あきらめが時に旅路をひらく(2019年8月 上野~長野~飯山~長岡)

 夏休みになると、どこかへ行きたいと思う。それも僕の悪いクセで、計画を立てるのではなく、その日の朝だとか昼ぐらいに、思いつきでどこかへ行きたくなる。
 だがあいにく、僕の勤め先は世間並みに8月の半ばに夏休みが設定されている。世間と同じであるならば、人混みに揉まれることは覚悟しなければならない。
 この時期は、当然ながら道路も新幹線も飛行機も混雑する。

 車がない僕にとって、道路の混雑状況は他人事であるが、新幹線となると話は違う。
 夏休み真っ最中の新幹線の指定席は、よほど時間帯か運行区間が悪い列車でない限り、思いつきで席など取れるものではない。よしんば取れたとしても、3人掛けの真ん中などという、居住性という点では積極的に座りたいと思わない席が宛がわれたりする。それを避けるために自由席を選択すると、それこそ満席で、通路やデッキで数時間を費やすなどという最低最悪なパターンもある。
 その点、飛行機は座席定員だから、通路やデッキに立たされることもないが、定員以上を乗せることもないので、満席であると言われてしまえば取りつく島もない。飛行機は融通が利かないので、思いつきの旅には使いにくい。それに第一、個人的に飛行機は乗っていて楽しい乗り物だとは思えない。

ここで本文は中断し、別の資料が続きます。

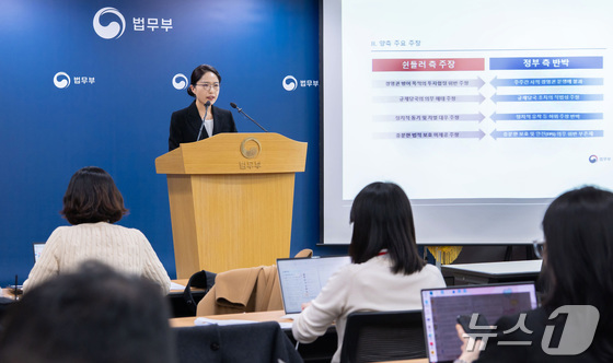 조아라 법무부 국제법무부 국제투자분쟁과장이 16일 정부과천청사 법무부 브리핑룸에서 쉰들러 ISDS 승소 관련 브리핑을 하고 있다. (법무부 제공. 재판매 및 DB 금지) 2026.3.16 © 뉴스1
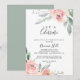 This elegant pink blush floral let's celebrate party invitation is perfect for a modern engagement party, bachelorette party, retirement, graduation, wedding after party or any event or party. The design features hand-drawn pink blush roses and peonies with green and grey leaves, inspiring natural beauty.

 かようにどの交通機関も混雑するこの時期であるが、混雑の覚悟はしていても、あえて人混みに飛び込むことはない。人混みなど、こちらから避ければよい。つまり、新幹線を使わず、在来線の鈍行で旅をするのである。新幹線の混雑に比べれば、在来線のそれなどまだ許容できるし、せっかく時間があるのなら、鈍行で旅をしたい。
 新幹線を使わないとなると、旅をできる範囲はおのずと決まってくる。具体的には、あまり遅くならないうちに鈍行でたどり着ける範囲、すなわち仙台、新潟、長野、名古屋あたりが進出限界点となる。

 2019年8月13日、火曜日。
 明け方、上越線に乗っている夢を見ていた。高崎か新前橋から鈍行に乗って、渋川を出る辺りで目が覚めた。渋川と言えば、前途に谷川岳などが見えてきて「さあ上越線だ」と気分が高揚する場面だが、そんな中途半端なところで終わってしまう無粋な夢であった。
 普段しきりに「旅だ旅だ」などと言ってる割りには、やけにつまらない夢を見てしまったので、目が覚めてもしばらく布団の中で憮然としていた。ふがいない夢を見たからには、現実で取り戻すほかない。
 僕は行き当たりばったりの旅をすることにした。布団から出ると身支度を整えて、とりあえず上野駅へと向かう。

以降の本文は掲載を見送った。